Ever since Artificial Intelligence became a thing, it's been more or less the Wild West of AI product development (read 90% of products just prompt ChatGPT) over the past year. The European Union has taken the first steps to introduce legislation in hopes that the Yee-Haw age of AI Cowboys will slow down, at the same time, praying it'll not over regulate and scare off investment in the field.

Optimisation or Innovation?

When we look at translation industry, the amount of innovation in terms of AI products is much more tame. We see a lot of process automation, but that's not really new, is it? AI replacing translators? Not for the foreseeable future. We see much more optimisation than we see innovation. My guess is that it is due to the fact that creating bilingual AI models is that much harder. There are a lot (and I mean A LOT) of translation assistants embedded in TMS offerings for a hefty price. Is it a wise investment from the buyer side, you be the judge. Companies love to call them innovations, but are they really?

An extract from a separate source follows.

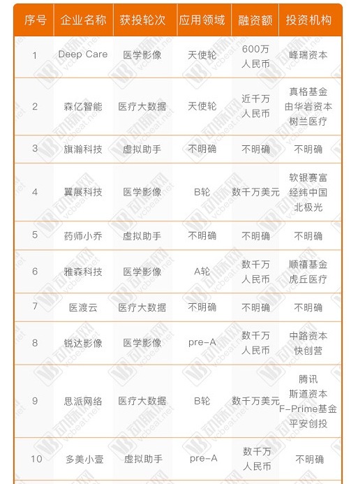 在这次统计的10家融资企业中有9家都获得融资,当然从事医疗影像的公司不仅仅这10家,还有百度、阿里云、科大讯飞等上市企业,这里就没有计算在内。

For AI to work as we've dreamed it would, we need a lot more context points. So when we think about AI innovation in localisation we often think awareness. How can we make it more aware of the content surrounding the piece we're trying to translate? A very interesting LangOps concept is a knowledge graph. It has been around for a while but made bilingual by Coreon . You can read more about it here.

Recent discussions with localisation specialists in a number of software development companies, pointed to a pressing issue. Post-localisation QA and implementation is a huge time and money investment to get it right. Now, imagine that every translator you employ also knows code. Close to impossible right? Instead, how about we explore the abilities of AI translation models to become more code-aware?

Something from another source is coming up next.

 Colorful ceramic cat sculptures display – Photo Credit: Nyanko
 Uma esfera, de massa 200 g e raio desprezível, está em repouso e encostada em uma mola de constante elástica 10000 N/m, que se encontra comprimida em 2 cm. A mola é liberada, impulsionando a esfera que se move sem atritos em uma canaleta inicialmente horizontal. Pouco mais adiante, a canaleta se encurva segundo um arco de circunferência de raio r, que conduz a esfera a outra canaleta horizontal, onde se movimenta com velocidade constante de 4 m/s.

How can a custom AI model become code aware?

So our team at Native Localization got to work on concepts of how to make it happen. It is worth mentioning that our approach is to go small in the first place, meaning that we create seperate and secure branches of AI models and individually train them on data provided by the client. That allows us to pinpoint the model to be a lot less general and a lot more client and service specific.

When it comes to teaching code to the AI, we landed on three approaches, all of which supplement the MVLP model we use as our main basis for initial localisation deployment.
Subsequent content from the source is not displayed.